Monsieur le président, monsieur le ministre, madame la rapporteure, chers collègues, j'étais adolescent lorsque eurent lieu les premiers essais nucléaires au Sahara, et un fait m'avait particulièrement marqué à l'époque : c'était la vision de ces soldats découvrant, à très faible distance, les premières expérimentations avec, comme seule protection pour nombre d'entre eux, le port de lunettes de soleil.
Je n'avais pas encore entrepris mes études de médecine, mais je me rappelle que ce fait m'avait interpellé et que je trouvais cette seule protection pour le moins un peu légère. Mais nous n'étions qu'en 1960 et il est vrai qu'à cette époque beaucoup de choses étaient encore ignorées. Puis eurent lieu les essais en Polynésie. Loin de moi l'idée de remettre en cause leur légitimité. Même si certains de nos collègues ici présents ne partagent pas cette approche – et je respecte leur opinion –, je pense qu'ils étaient malheureusement nécessaires.
Toujours est-il que tout au long de ma carrière professionnelle, j'ai été amené à constater, parmi ceux de mes patients militaires qui avaient vécu des expérimentations, une prévalence de certaines affections, notamment cancéreuses, dont aujourd'hui l'origine ne laisse planer aucun doute.
Je ne jetterai pas l'anathème sur tel ou tel gouvernement de droite ou de gauche pour ne pas avoir pris plus tôt en considération ce type d'affections. Je rappellerai simplement que, sous l'impulsion d'associations nationales telles que l'AVEN, dont je salue la persévérance des dirigeants, et « Moruroa e tatou », des élus, toutes tendances politiques confondues, avaient uni leurs forces pour concocter une proposition de loi destinée sinon à effacer, tout au moins à essayer de réparer au maximum les erreurs du passé.

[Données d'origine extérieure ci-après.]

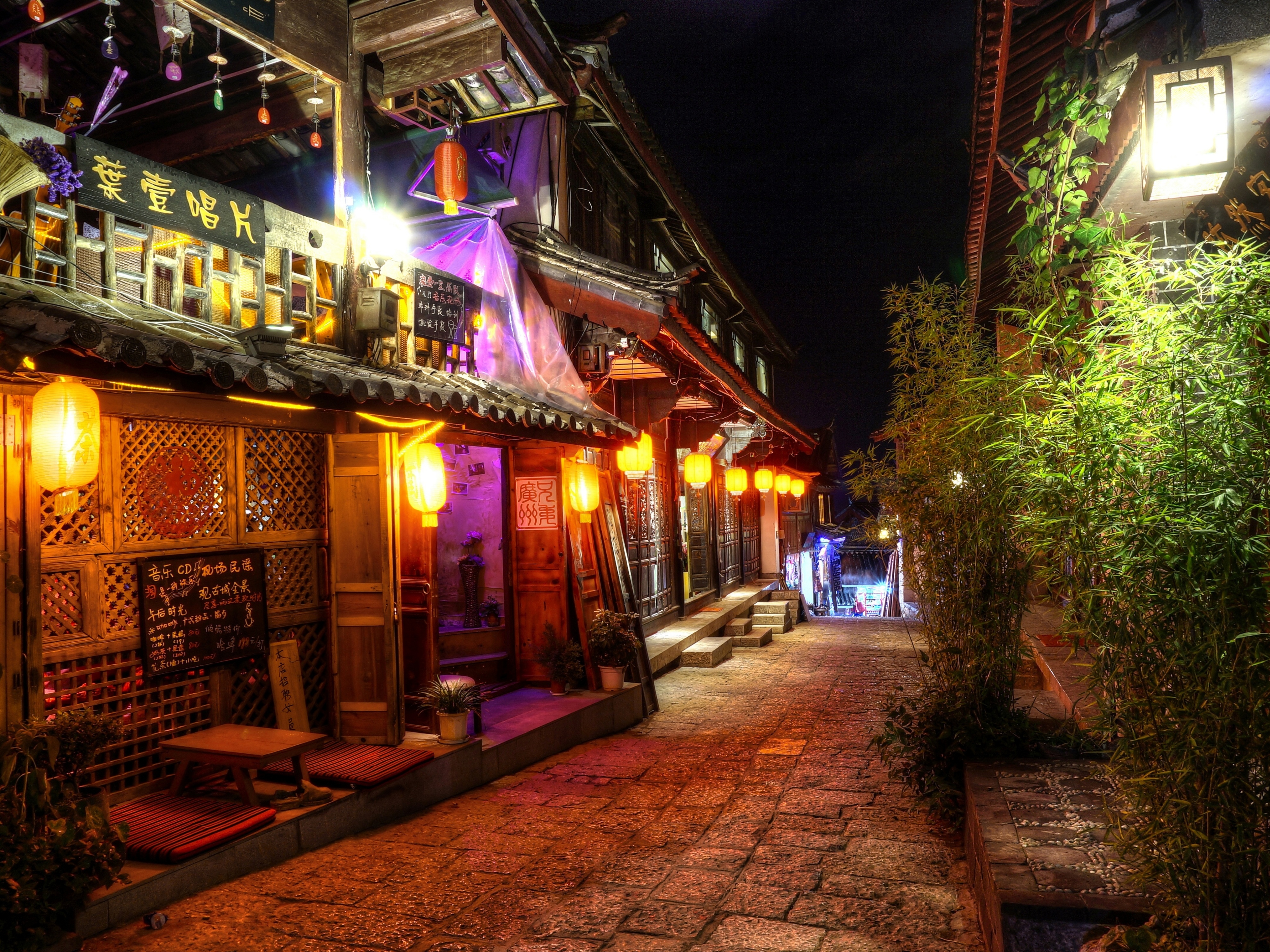 Обои ночь, городок, улица, аллея, паб, фото, заставка

Or malheureusement, en dépit de ce que nous aurions pu espérer, ce n'est pas cette proposition que nous examinons aujourd'hui. Aussi permettez-moi, madame la rapporteure, sans aucune animosité de ma part, de vous opposer deux remarques. D'abord, je voudrais réaffirmer que le texte examiné ce matin, contrairement à ce qui avait été prévu et à ce que vous dites un peu tardivement, n'est pas celui qui avait été préparé en consensus par les élus de tous bords. Cette démarche me paraît précipitée. Ensuite, je voudrais souligner que nous devons adopter une stratégie commune si nous voulons obtenir un maximum de voix. Or comme vous pouvez le constater, les conditions ne sont pas réunies. Elles le sont d'autant moins que nous venons de prendre connaissance par une communication en commission – M. le ministre ne me contredira pas – de l'existence d'un projet de loi gouvernemental qui sera déposé au premier trimestre 2009 pour être discuté quelques mois plus tard.